Second, it might be the case that there are systematic differences in strength of support per candidate - and therefore systematic differences in levels of support before and after the time allotted for politicking. For instance, Obama's supporters are younger than the average caucus goer. And younger supporters may be more susceptible to persuasion at the caucus. If this is the case, then the polls are systematically overestimating Obama's level of support because they fail to mimic the process those supporters will undergo on caucus night. On the flip side, perhaps Obama's relatively strong organization means that it is better able to peel away supporters of other candidates, even the viable ones. In this case, the polls would systematically underestimate Obama's level of support.

Third, it might be the case that there is a systematic difference between the first choices of all and the second choices of those primarily supporting nonviable candidates. Perhaps Biden's supporters tend to support Obama secondarily at a rate that is greater than the general population's level of primary support.
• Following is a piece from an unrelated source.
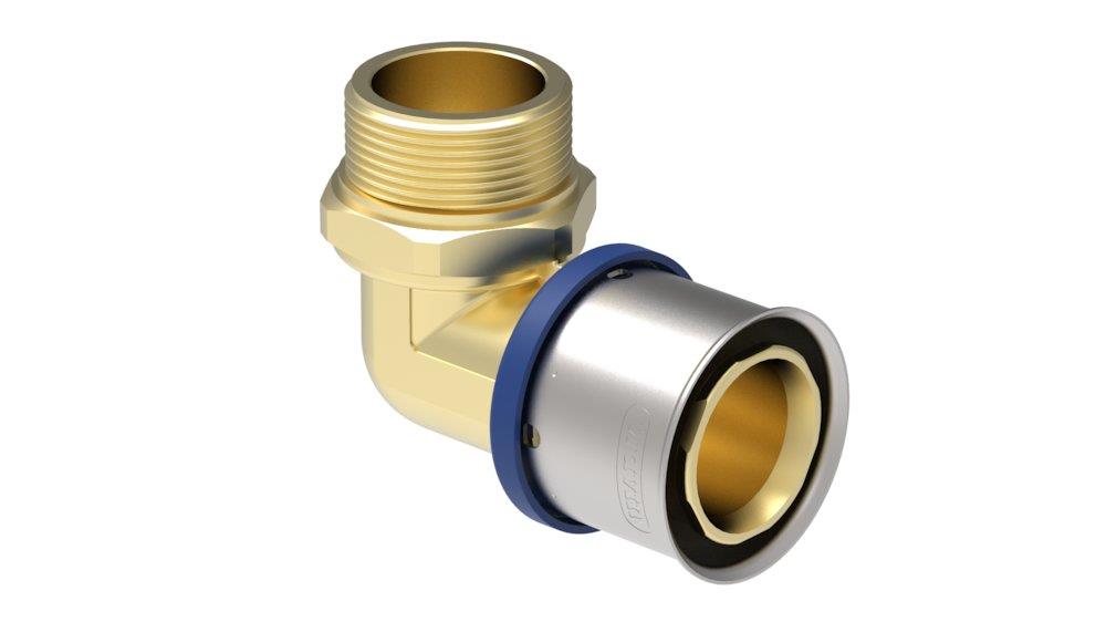 TIGRIS M1 Alupex-system i blyfri messing. Presfittings med trykkappe af rustfrit stål, til samling af ALUPEX-rør.
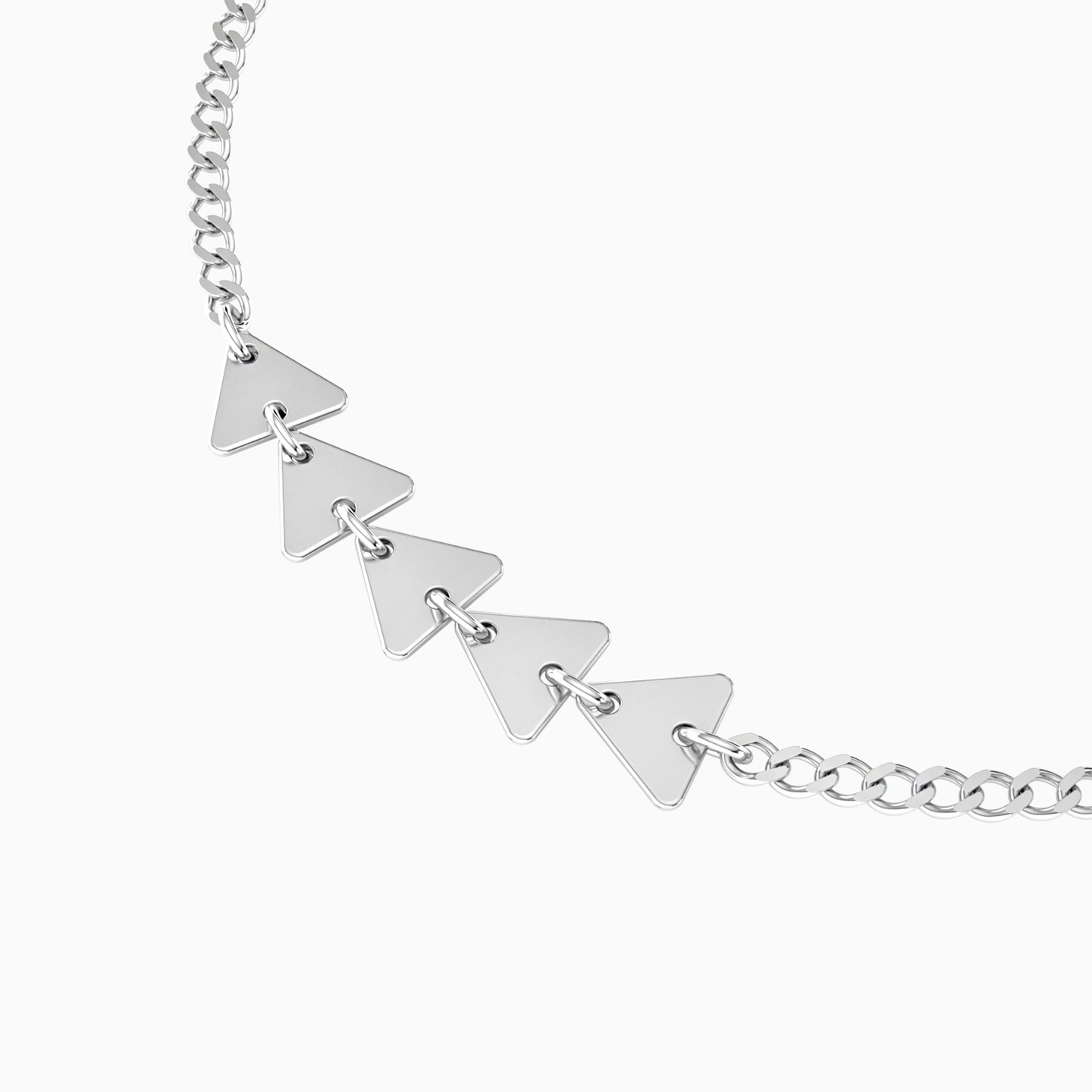 A refined geometry defines this Waves chain bracelet, designed with triangle-shaped motifs that flow in a calm, deliberate rhythm. The clean silhouette reflects clarity and inner balance, creating a look that feels modern yet timeless. Light on the wrist and easy to style, it carries quiet confidence into everyday wear. A thoughtful gift for someone who appreciates structure softened by elegance.

If 24% of the whole public supports Obama first, maybe 40% of Biden supporters support Obama second. As Biden is deemed nonviable - those supporters have to pick another candidate. The former Biden supporters go more to Obama than the general public did (40% instead of 24%) - and thus Obama's position relative to Clinton and Edwards will be systematically better than what the polls are telling us.

Will any of these biases come about? Not necessarily. That is the troublesome feature of bias. We have to know the population values before we can know whether a polling sample is biased. We do know that there are differences between the ways the polls are conducted and the way the Iowa caucus is conducted. Maybe those differences systematically favor one candidate over another. Maybe not. We will not know until after the caucus.

And so, we are left with what I think is a relatively unpredictable event. We can be sure that Clinton, Obama, or Edwards will win the Iowa caucus. And maybe if the polls come to show a large and consistent break toward one candidate or the other - we might be able to say more than this. But, at this point, with the differences between these three candidates in the RCP average being only about 10%, I do not think we can say more than the victor in Iowa will be one of these three.

-Jay Cost